At this point, the CLI says I need to be in DFU mode again. When I hold down the Mode and Reset keys to enter DFU mode like before, DFU mode does not start, even after holding the buttons down for several minutes.

Running out of ideas, I tried hitting the reset button repeatedly, unplugging the Electron, holding down the buttons with random timing, pressing the buttons in random order, resetting and unplugging again for about 10 minutes. Finally, (don’t ask me how) I got into DFU mode again by holding down the buttons. I re-entered "particle keys doctor [device ID number] and got the message: "New Key Created! Make sure your device is in DFU mode (blinking yellow), and that your computer is online. I couldn’t find the fille: [device ID ]_ec_new.der. I really have no idea what a .der file is, or what its significance is at this point.

At this point the device was not yet visible on the Console. After resetting, the system still gets stuck at flashing cyan. This is the fast flash rate: as if the module is on the verge of connecting. But it is still 100% un-reachable.

Because you need to release the RESET button but keep on holding SEUPT - otherwise you just keep the device in reset state.

This happened to me with a few (really) old Cores that had been running fine for years. The fix for me was:

  1. Connect the device to a computer via USB and put the device in DFU mode
  2. Run: particle keys doctor <device id>
  3. If the device does not stay in DFU mode after step 2, put it back in DFU mode
  4. Run: particle flash --usb tinker

That got my Cores back online. You will need to re-flash your original code to the Electron afterwards. If possible, I would recommend recompiling (either cloud or locally) with the latest firmware version.

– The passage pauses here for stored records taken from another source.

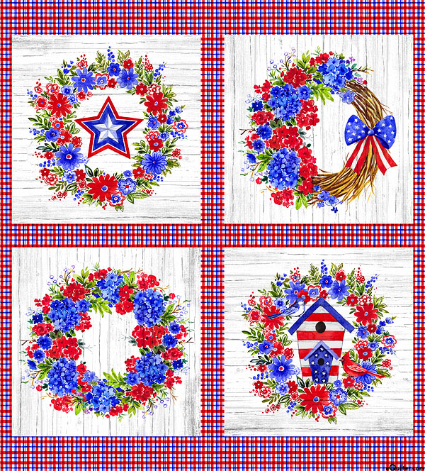 Framed within this patriotic panel are floral wreaths proudly decorated in red, white, and blue. Digitally printed, 36" panel, panel has four frames about 16" x 16", from the 'Independence Day' collection by Elena Vladykina for Robert Kaufman Fabrics.
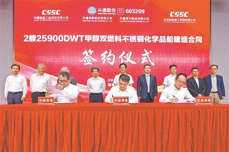 此前,兴通海运及其控股子公司兴通链发已与中国船舶工业贸易有限公司、武昌船舶重工集团有限公司签订了共6艘的25900DWT甲醇双燃料不锈钢化学品船建造合同。这些船舶将分批交付,预计最晚将于2027年6月底全部投入使用。
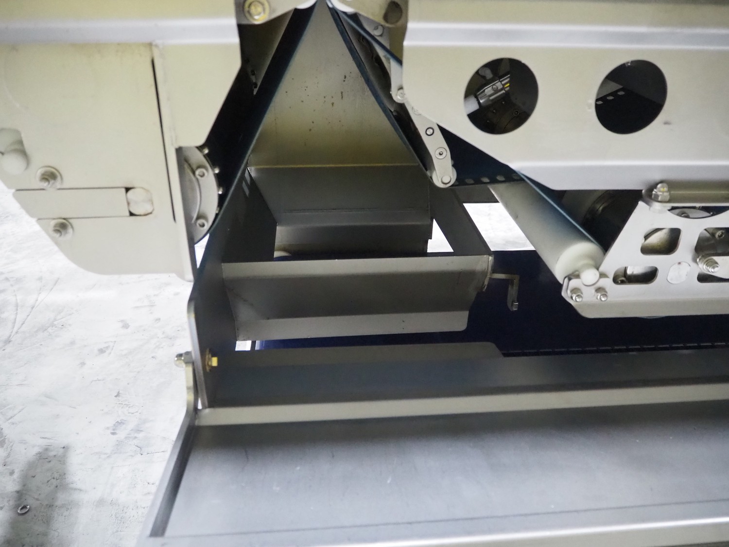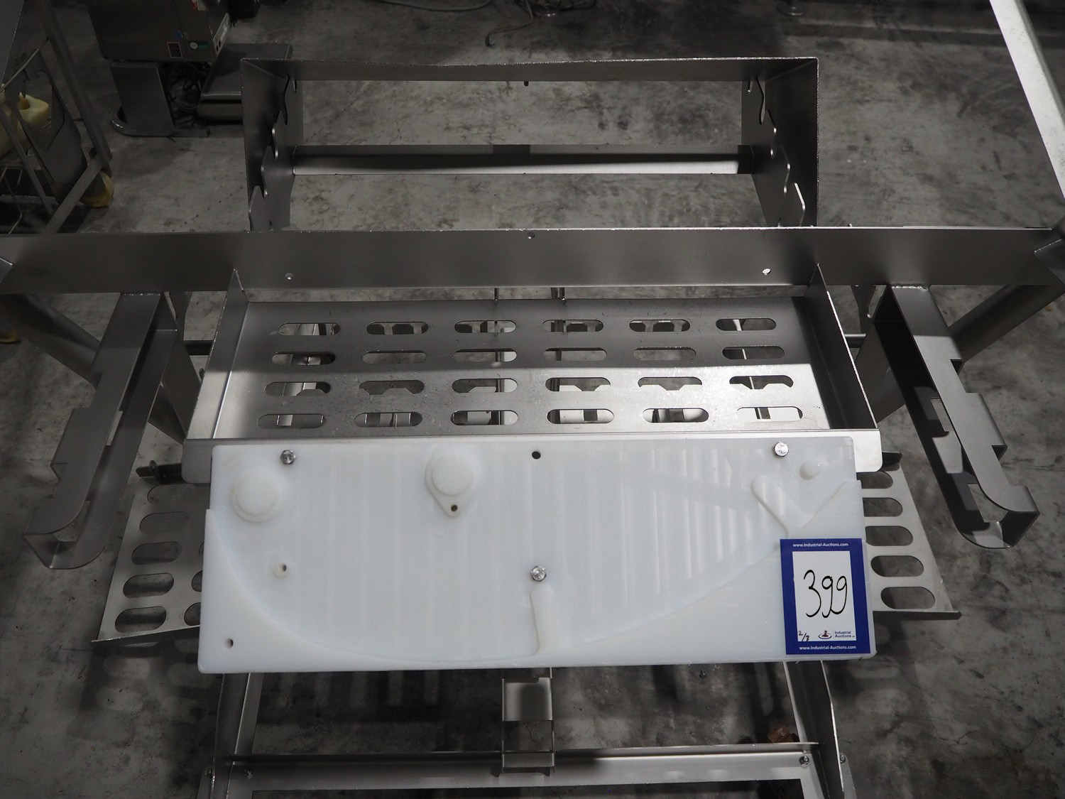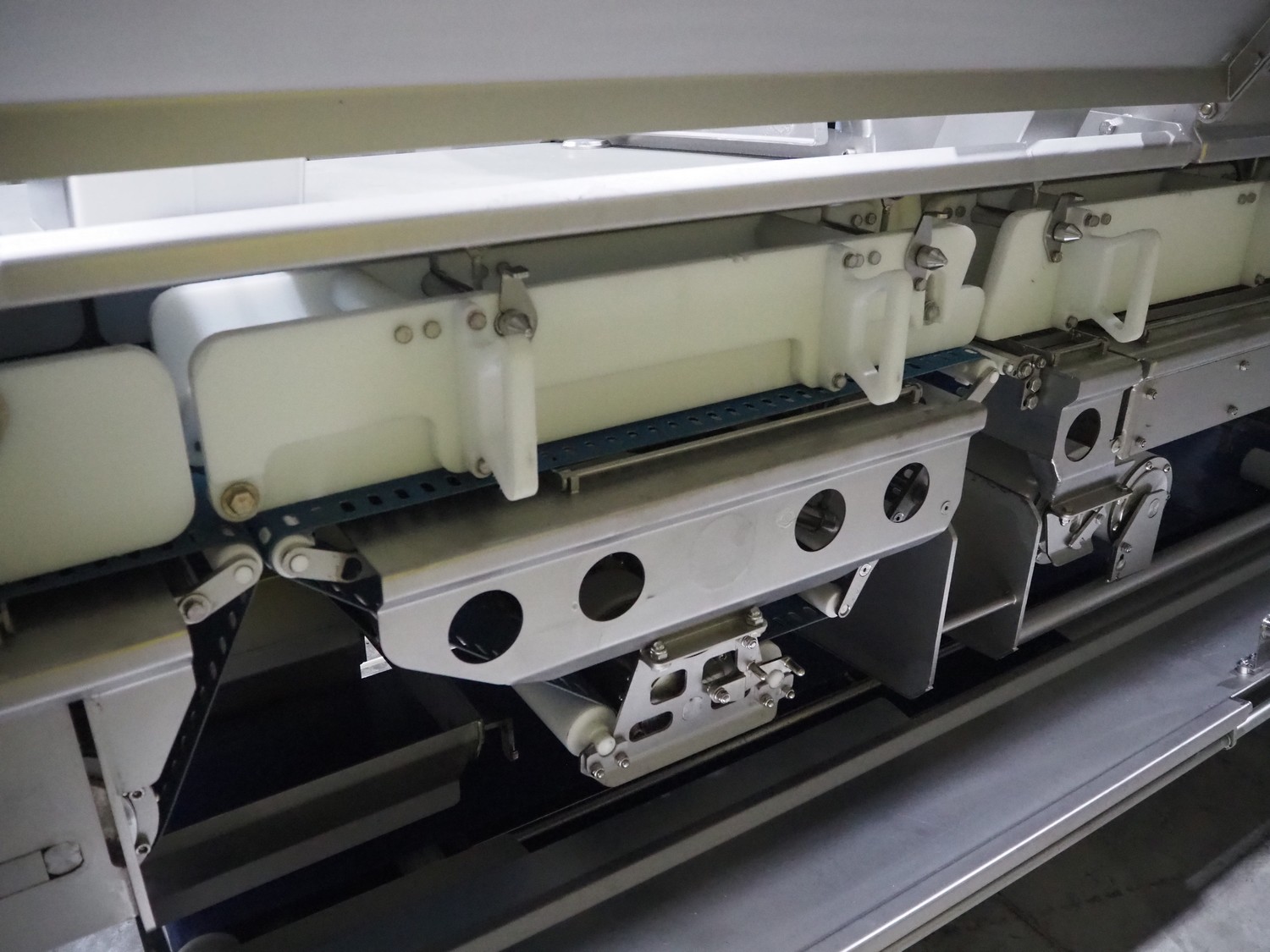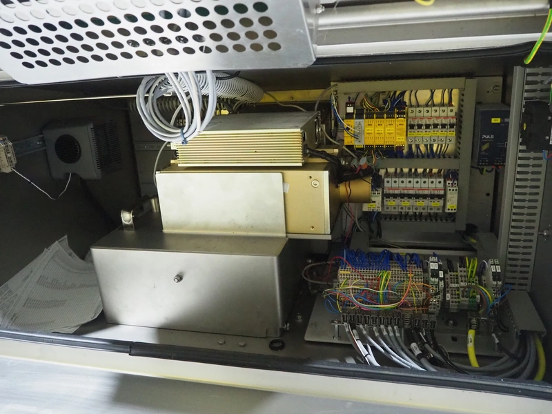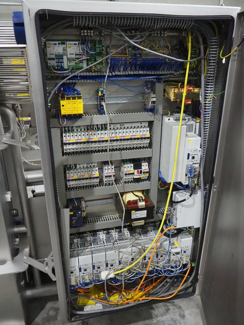 Marel trim inspection and portioning system, model: 850-9000-0011, type: 0012-102-00013, serial number: A143817, year of construction: 2016, plastic infeed belt, belt width: 590 mm, plastic belt, belt width: (2x) 380 mm, plastic mesh belt, belt width: 260 mm and 200 mm, total dimensions: 5150 mm x 1550 mm x 2160 mm. Including outfeed belt, dimensions: 1840 mm x 900 mm x 1180 mm, and 2x trolley for parts, dimensions: 2000 mm x 1150 mm x 1550 mm and 1650 mm x 1450 mm x 980 mm.

The module is still unreachable. I went ahead and removed it from the circuit assembly it was seated in, and replaced it with a spare Electron I hadn’t used yet. I’ve activated and claimed this new module, and updated it immediately from version 0.5.4 to version 0.7.0.

I took the unreachable Electron and put it in DFU mode again…

  1. I ran: particle keys doctor <device id>
  2. Response was:
    New Key Created!
    Make sure your device is in DFU mode (blinking yellow), and that your computer is online.: I couldn't find the file <device id>_ec_new.der
  3. I ran: particle flash --usb tinker
  4. Response was: flash success!

As of now, the module is doing the same thing as before:

  1. Flashing green
  2. Flashing cyan rapidly (>1 minute)
  3. Flashing red (1-2 seconds)
  4. Repeat

I’d just consider it a destroyed device, since I’ve already tested the replacement and am pretty much at the point of diminishing returns for diagnosing this. Unless fixing whatever a .der file manages is a short process (<1 hour).

Obviously that didn't work.
Can you find the *_ec_new.der file anywhere on your machine?
Did you - by any chance - run that command from a directory without write permission?

With particle keys doctor you should usually also run particle keys server to be on the safe side.